# Simple example with boxplots

<script type="text/javascript" async
  src="https://cdn.mathjax.org/mathjax/latest/MathJax.js?config=TeX-AMS_CHTML">
</script>
<link rel="stylesheet" href="_static/css/main.css">

This project was supported by grants from the National Institute of Biomedical Imaging and Bioengineering (U24EB029012) from the National Institutes of Health.

## Overview

This tutorial demonstrates basic construction of a `PolynomialChaosExpansion` (PCE) emulator, and generates box plots using these emulators.
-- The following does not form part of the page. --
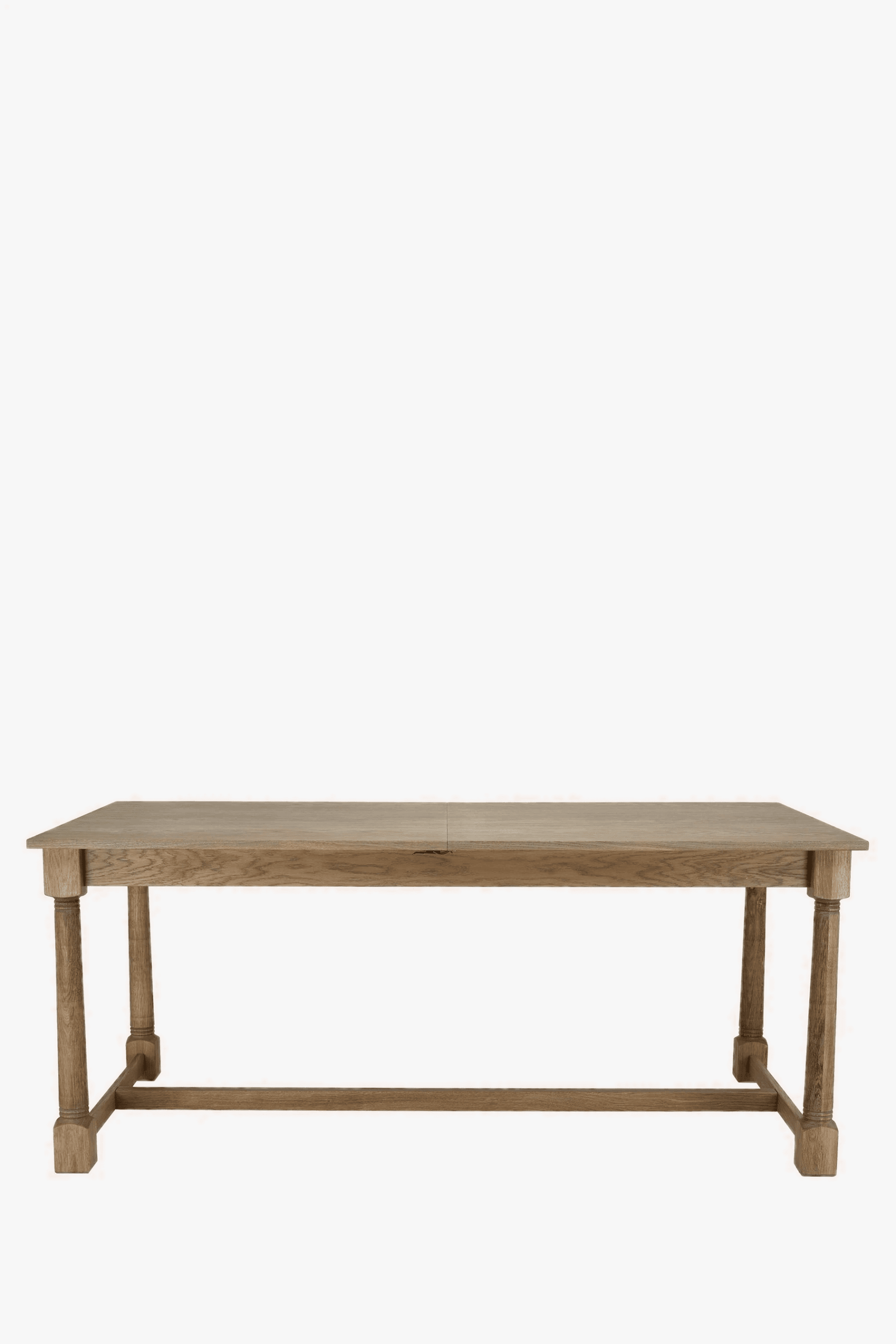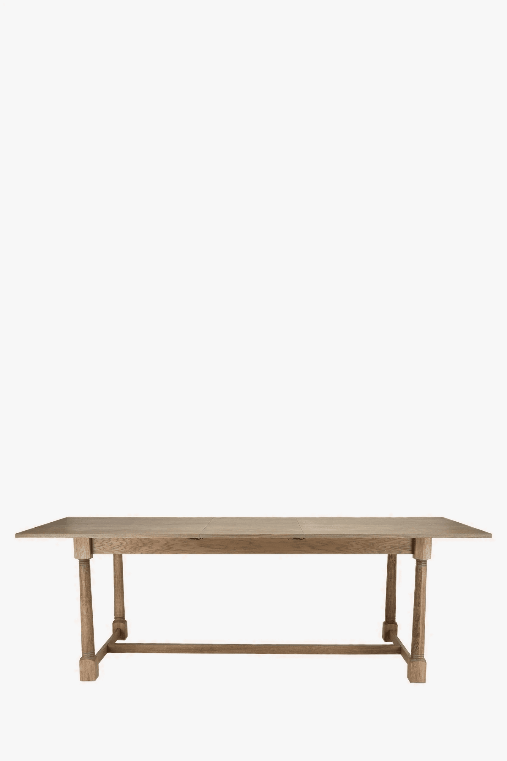 Displaying a rustic washed oak, oiled finish to give a refined, aged look the Laura Ashley Wellington Extending Dining Table is enhanced with stately carved effect pillar column legs. This handsome table can comfortably seat 6-8 people. Only the legs need to be attached to begin enjoying this piece; full assembly is not required.

The code used in this document is in the `demos/simple_boxplots.py` demo file.

## Building the emulator

UncertainSCI requires the user to specify 
- a pointer that evaluates a forward model
- distributions for each input parameter to the model
- the polynomial order, which is a PCE expressivity parameter (alternatively, adaptive procedures can automatically select this)

### The forward model

We will use the Ishigami function, a model built into UncertainSCI, as our forward model. The following imports this function 

```python
from UncertainSCI.model_examples import ishigami_function

# Parameters for function
a = 1
b = 0.05

f = ishigami_function(a,b)
```

This generates a function `f` of three parameters. See the [`[Ishigami Function]`](../models.html#ishigami-function) description for more information about this model.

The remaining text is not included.